Salah satu part paling memorable BTS Ultra adalah Jalur Pipa. Jalur ini masih berada di kawasan Desa Ngadas selepas WS Ranupani 2. Jalurnya terjal sekali walaupun pendek. Masalahnya kemarin ada pipa yang bocor dan airnya ngucur deras. Airnya nyampur sama tanah jadi kayak air terjun berlumpur. Kalau bersih mah asik, lah ini ada lumpurnya. Baju, celana dan sepatu kotor dan basah semua. 
Masih ngebayangin yang di drop bag cuma ada kaos kaki doang hahahah. Tapi pengalaman saya, sepatu itu bisa cepat kering karena suhu kaki yang hangat. Apalagi kalau dipake terus buat lari, setiap kaki dipijak membuat air yang ada di sepatu lebih cepat keluar (kayak diperas)



Lutut Meletre Jarak Ijo


Oh ya di BTS ini ada tiga segmen yang profil elevasinya mirip huruf V. Artinya, jalur lari dibuat menurun jauuuh terus nanjak lagi dengan rute yang berbeda. Dari jalur pipa laknat tadi, saya melewati perkebunan warga, melintasi beberapa punggungan dengan jalur berliku.
seperti inilah jalur perkebunan Ngadas, sebelum sampai jalan raya Tumpang - Jemplang


V pertama adalah Jarak Ijo. Dari Ngadas yang elevasinya 2151 ke WS Jarak Ijo yang elevasinya 1500. Jalur turunnya sepanjang 5 km aspal sementara jalur aspal naiknya lebih panjang lagi sekitar 9,5 km, karena sampai di WS Jemplang di Bromo Hill Side 😅. Jalur aspal naik ini ada di punggungan seberang yang dipisahkan jurang. Jadi selama turun saya bisa liat jalur nanjak yang akan saya lewati nanti. 

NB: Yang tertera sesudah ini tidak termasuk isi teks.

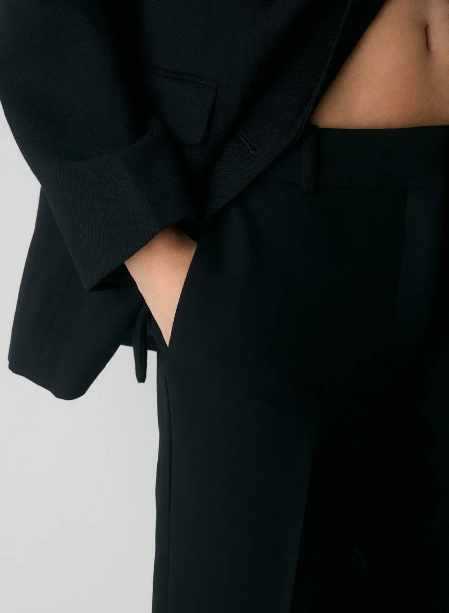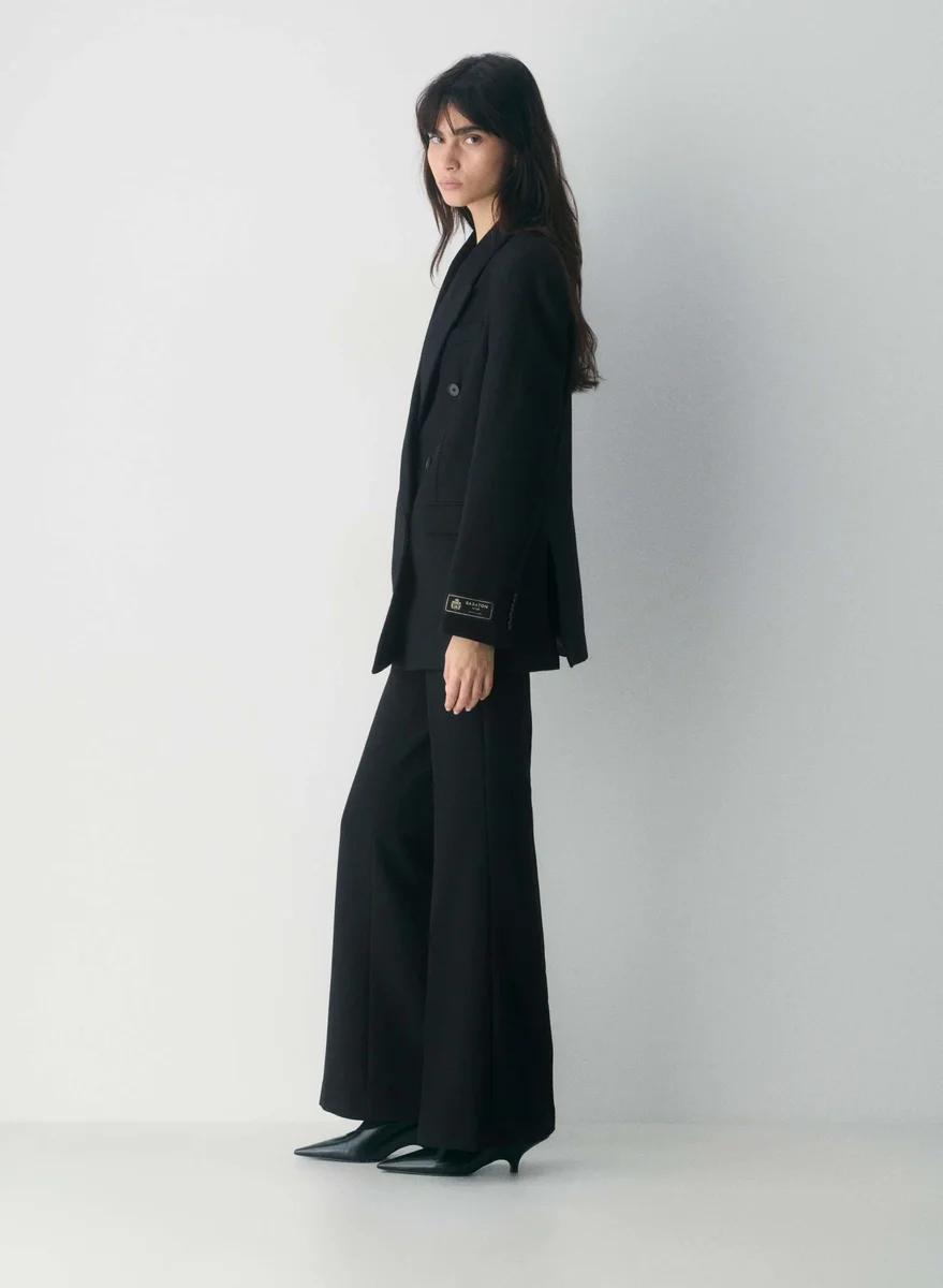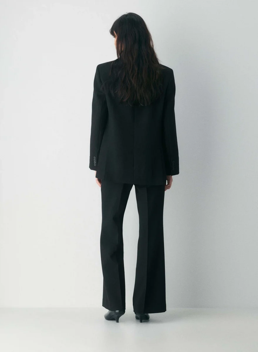 These are mid-rise pants with a classic fit, flared leg and darted back waist for shaping. They’re finely tailored with (Re)ssential — softly structured stretch fabric that holds its form while you move easy. This fabric is sourced from a premier Portuguese mill and made with 54% recycled polyester and 26% LENZING™ ECOVERO™ Viscose.
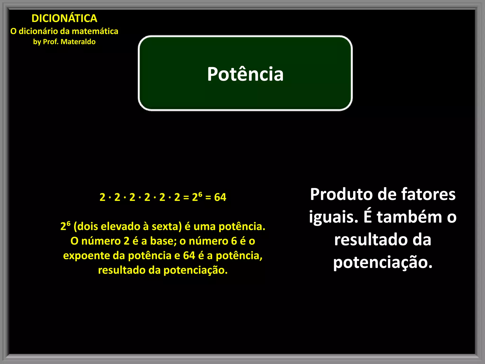 A potência é o resultado da repetição de um fator um número determinado de vezes. A base é o número que se repete e o expoente indica quantas vezes a base é repetida. Assim, 26 significa 2 multiplicado por si mesmo 6 vezes, resultando no número 64.
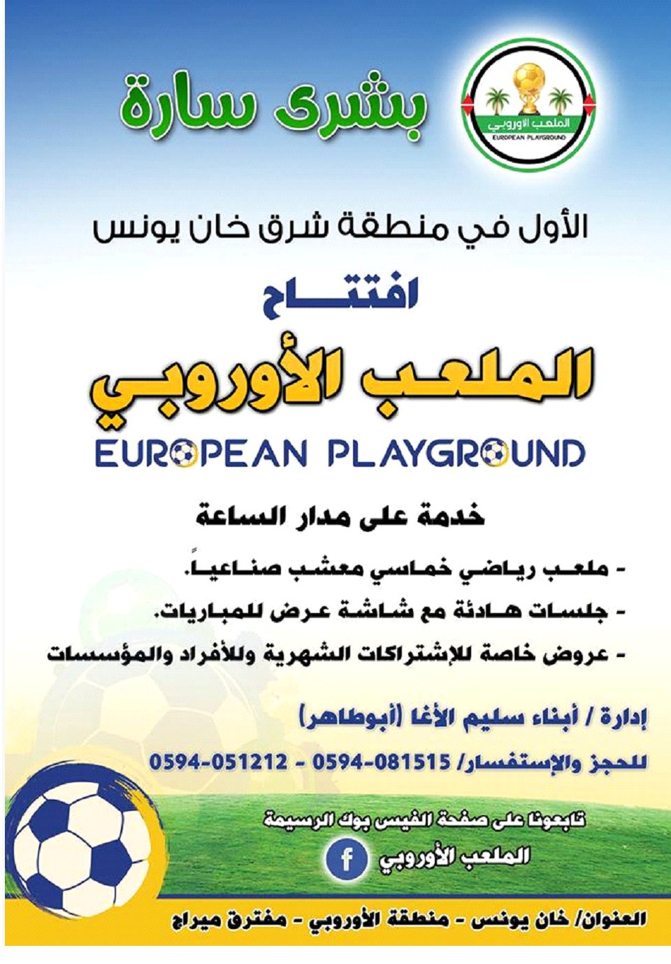 تستعد إدارة الملعب الأوروبي اليوم السبت 6-6-2015 م لافتتاحه أمام جمهوره الكريم لخدمتهم طوال أيام الإسبوع وعلى مدار الساعة.

Di WS Jarak Ijo saya hampir ketinggalan handphone. Untung nyadar ada yang ilang di saku vest. Tapi harus balik ke WS lagi, jaraknya lumayan 200an meter 😕. Oh ya sepanjang jalur menanjak itu saya bareng dengan Mas Satria dari Banyuwangi. Lumayan ada teman ngobrol

Mas Yudha, yang bareng saya selama nanjak dari WS Jarak Ijo ke WS Jemplang

WS Jemplang dan Peran Mbak Endah

Bromo Hill Side, lokasi WS Jemplang. 📸 : rimshoot

Setelah nanjak konsisten 9,5 km lewat jalur aspal dan beton sampailah saya di WS Jemplang. WS ini ada di Bromo Hill Side, Jemplang yang sangat iconic. WS ini lumayan lengkap, ada makanan berat, toilet, medis dan Drop Bag pertama ada di sini. 

Di WS Jemplang saya bertemu dengan Mbak Endah, ultra marathoner yang pertama kali saya jumpa di Run To Care (RTC) Flores. Mbak Endah ini baik banget, selama dia di WS dia yang mengarahkan saya untuk ini itu. 

Yeah ketemu Mbak Endah yang sedang bertugas menjaga WS Jemplang

Sisi Lain Keindahan Kaldera Barat Bromo

sisi barat Bromo

Setelah WS Jemplang, rute menyusuri sisi barat Kaldera Tengger lalu menyusuri lautan pasir bagian utara Bromo. Sisi barat ini termasuk yang jarang dikunjungi. Jarak antara pelari depan dan belakang lumayan jauh. Asli jalur ini keren banget karena melipir bukit dan gak terlalu nanjak. Di sisi kanan Gunung Widodaren dan Batok terlihat jelas. 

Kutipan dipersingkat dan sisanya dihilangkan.